Data entries
☆ ☆ ☆ ☆ ☆
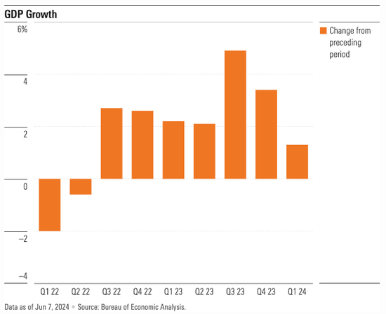 由于消费者支出约占美国经济活动的70%,消费支出增速放缓也成为经济增长放缓的主要驱动力。GDP增速从2023年第三季度的4.9%下降至今年第一季度的1.4%。FactSet的数据显示,尽管经济学家预计第二季度GDP增速将接近2%,但这仍反映出放缓趋势。
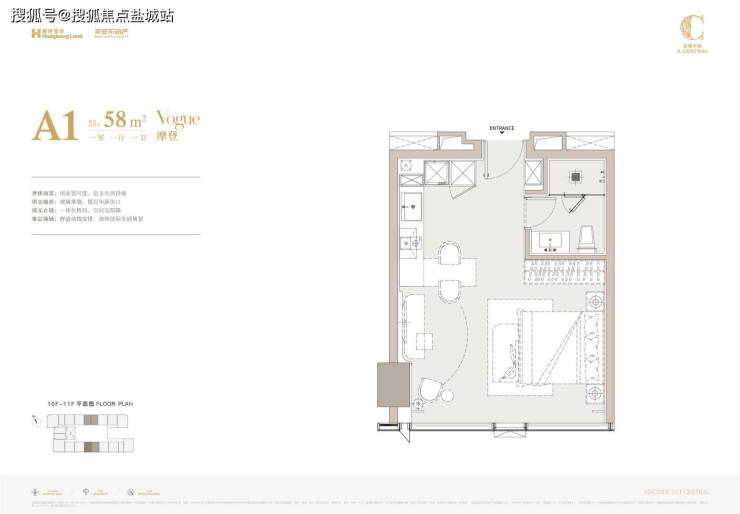 A户型:45㎡-58㎡单身套房;
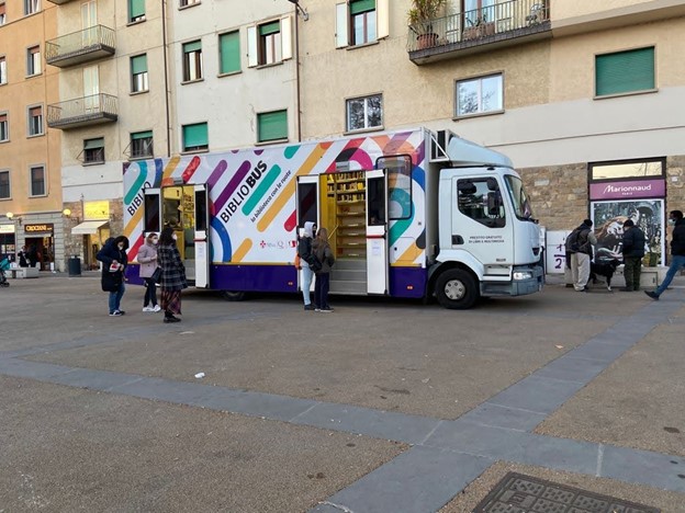 Historically, Bibliobus service was conceived by BiblioteCaNova Isolottoin 1995 and born from the “stellar distribution” project of the book started in 1992 by the Isolotto Library with the collaboration of the Department of Adult Education of the University of Florence.
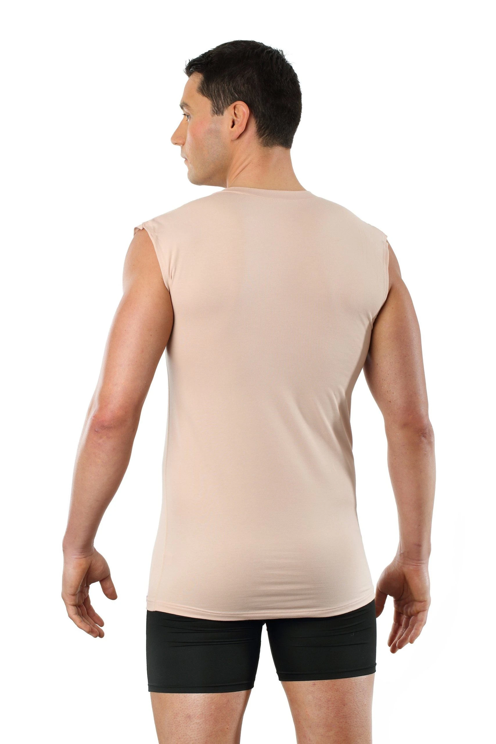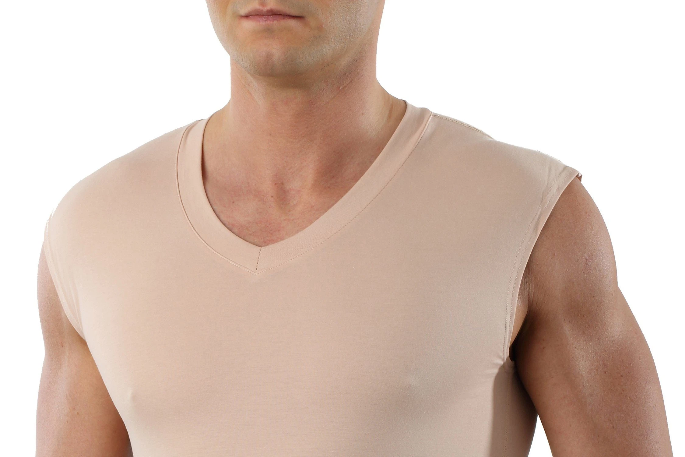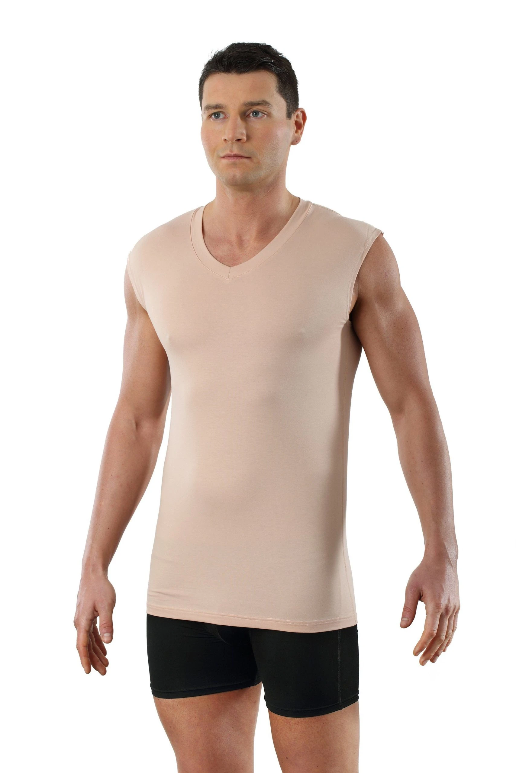 ALBERT KREUZ Unsichtbares Herrenunterhemd aus atmungsaktivem Micromodal Light ohne Arm mit V-Ausschnitt in Beige
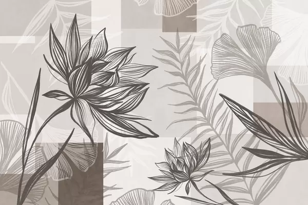 Fototapetak Texturált, stilizált virágok és levelek barna és bézs árnyalatokban, geometrikus háttérrel, vonalas grafika Nr. w09629
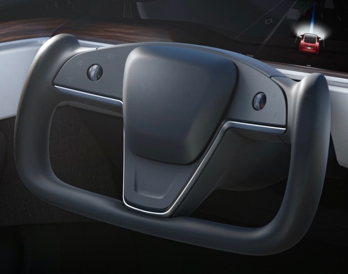 An airplane-style steering “yoke” (similar to the one spotted in prototypes of Tesla’s new Roadster) instead of a standard round wheel.
☆ ☆ ☆ ☆ ☆
▶ **Problem statement**: Exactly the lines above, from the one containing "Historically, Bibliobus service" down to the one containing "ALBERT KREUZ Unsichtbares", are to be repeated, including both ends. Pictures are not part of the copy.

▶ **Solution for this problem**:
 Historically, Bibliobus service was conceived by BiblioteCaNova Isolottoin 1995 and born from the “stellar distribution” project of the book started in 1992 by the Isolotto Library with the collaboration of the Department of Adult Education of the University of Florence.
 ALBERT KREUZ Unsichtbares Herrenunterhemd aus atmungsaktivem Micromodal Light ohne Arm mit V-Ausschnitt in Beige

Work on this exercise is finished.